Seqanswers Leaderboard Ad

**alexdobin** · 12-23-2015, 11:27 AM

Originally posted by analog900 View Post

Hi all,
I'm trying to analyze RNA-seq data (mouse, multiplexed Nextera XT libraries) using STAR and I'm having the problem that I'm getting mostly "no feature" and hardly any annotated reads downstream.

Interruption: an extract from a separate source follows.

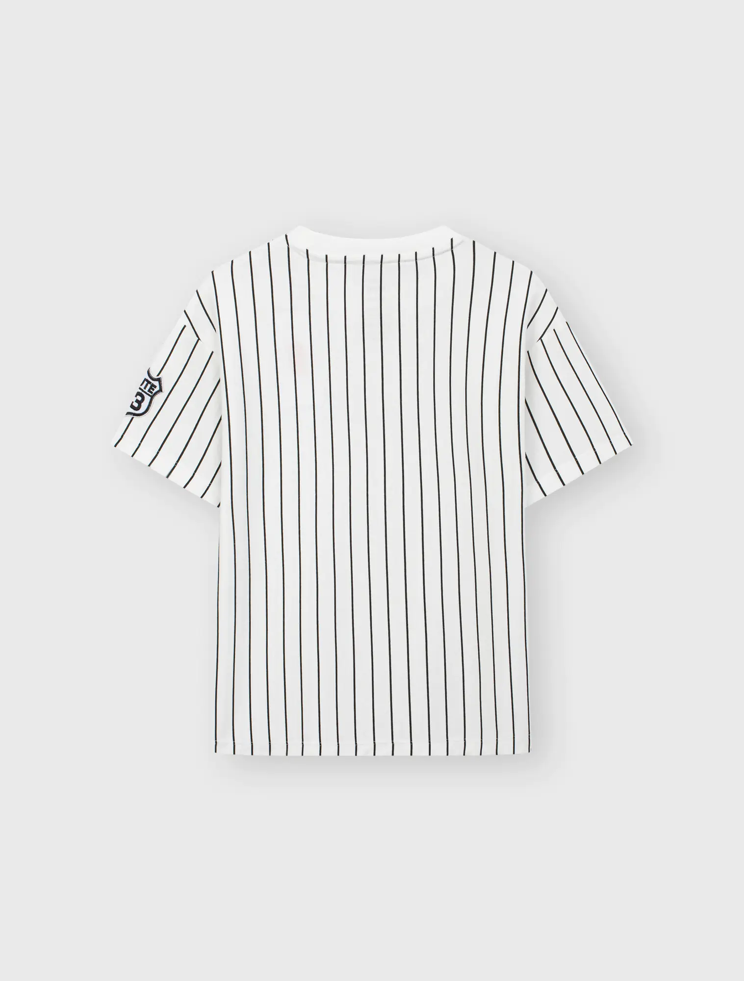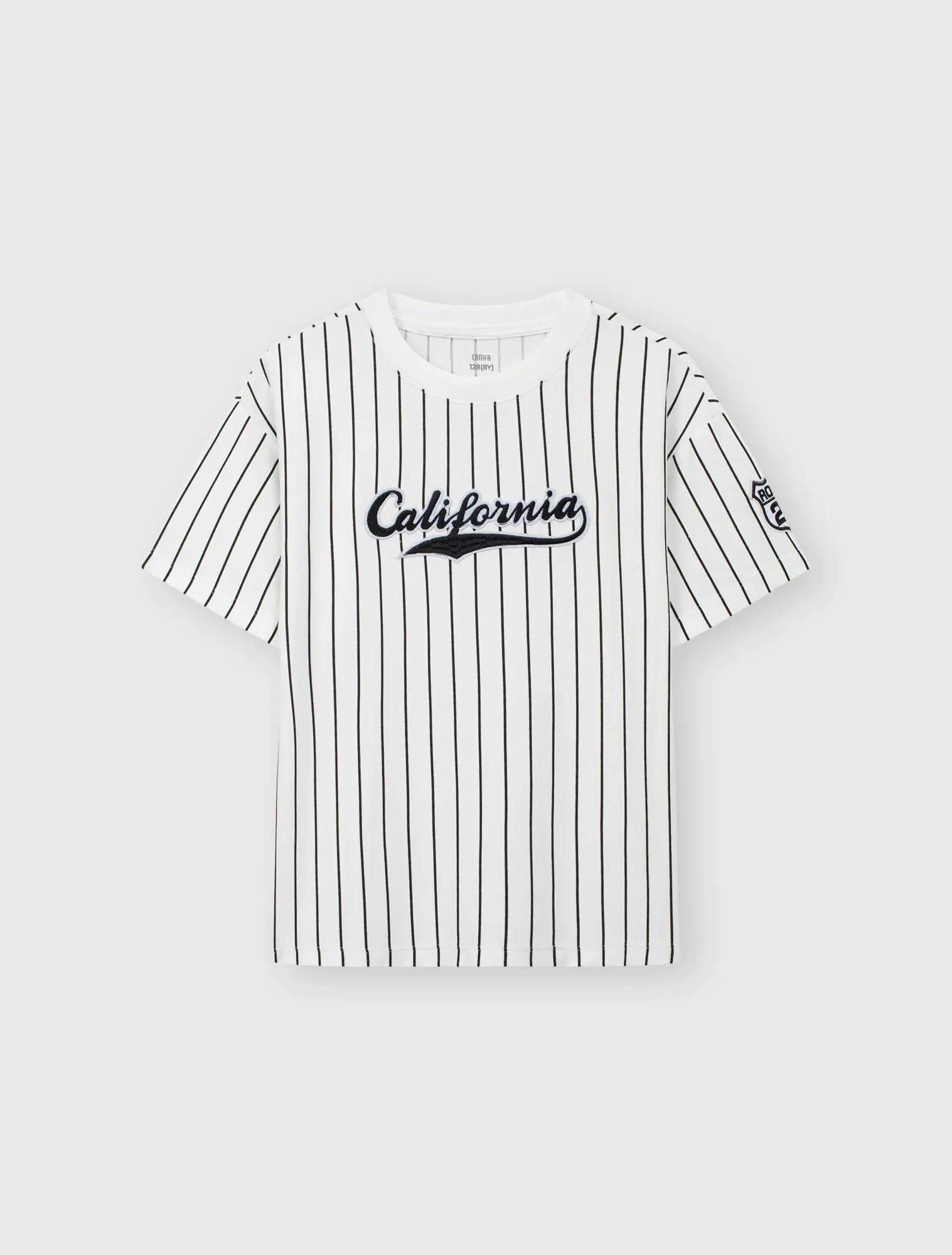 Áo phông bé trai kẻ sọc, chất liệu cotton mềm mại thoáng mát, hình patch khỏe khoắn năng động tạo sự mới mẻ cho các bạn nhỏ sử dụng trong nhiều hoạt động.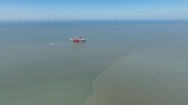 新胜利一号平台位于山东黄河三角洲国家级自然保护区边缘,黄河入海的地方。由于黄河水含沙量大,浑黄的河水裹挟着泥沙,和蓝色的海水相互冲击,形成一条明显的分界线,蓝黄交汇,好似“鸳鸯锅”。

I trimmed reads with cutadapt, ran fastqc for QC and STAR using UCSC mm10 (from illumina ftp) and the associated gtf, running STAR with default parameters. I'm getting on average 85-95% uniquely aligned reads so I was assuming things work. However in the "gene counts" output of STAR (when using quantMode GeneCounts), I'm getting more than 50% of reads as "no feature". When running the STAR output bam files through either htseq-count or featureCounts, I'm getting mostly zeros.
I've included some published (from the Linnarson group) fastq files as positive controls and I'm getting the same results with those files also, suggesting it's not our libraries but the pipeline that's the problem. Would be grateful for any suggestions!
Best Wishes

Hi @analog900

could you please post Log.final.out file and the first 4 lines of the ReadsPerGene.out.tab file?

Cheers
Alex

**analog900** · 12-23-2015, 01:16 PM

Hi Alex,
Thanks for replying!

See below the first few lines from ReadsPerGene and afterwards the Log.final.out

ReadsPerGene:
N_unmapped 55905 55905 55905
N_multimapping 48816 48816 48816
N_noFeature 603492 868892 866859
N_ambiguous 13500 2740 2813
Xkr4 0 0 0
Rp1 0 0 0
Sox17 0 0 0
Mrpl15 0 0 0
Lypla1 0 0 0
Tcea1 45 22 23
Rgs20 12 5 7
Atp6v1h 0 0 0
Oprk1 0 0 0
Npbwr1 0 0 0
Rb1cc1 0 0 0
Fam150a 0 0 0
St18 0 0 0
Pcmtd1 162 79 83
Sntg1 0 0 0
Rrs1 0 0 0
Adhfe1 0 0 0

--------------------------------
Log.Final.Out:
Started job on | Nov 26 21:01:50
Started mapping on | Nov 26 21:01:50
Finished on | Nov 26 21:02:50
Mapping speed, Million of reads per hour | 74.44

Number of input reads | 1,240,652
Average input read length | 357
UNIQUE READS:
Uniquely mapped reads number | 1140207
Uniquely mapped reads % | 91.90%
Average mapped length | 353.64
Number of splices: Total | 421644
Number of splices: Annotated (sjdb) | 402181
Number of splices: GT/AG | 416953
Number of splices: GC/AG | 4241
Number of splices: AT/AC | 209
Number of splices: Non-canonical | 241
Mismatch rate per base, % | 0.55%
Deletion rate per base | 0.02%
Deletion average length | 1.68
Insertion rate per base | 0.01%
Insertion average length | 1.22
MULTI-MAPPING READS:
Number of reads mapped to multiple loci | 48816
% of reads mapped to multiple loci | 3.93%
Number of reads mapped to too many loci | 2488
% of reads mapped to too many loci | 0.20%
UNMAPPED READS:
% of reads unmapped: too many mismatches | 0.00%
% of reads unmapped: too short | 3.76%
% of reads unmapped: other | 0.20%

Thanks so much in advance for your help!

**alexdobin** · 12-23-2015, 04:05 PM

Nothing suspicious in the summary statistics...
It might be a problem with annotations - could you point me to the genome/annotations you were using? And also the public .fastq files you mentioned.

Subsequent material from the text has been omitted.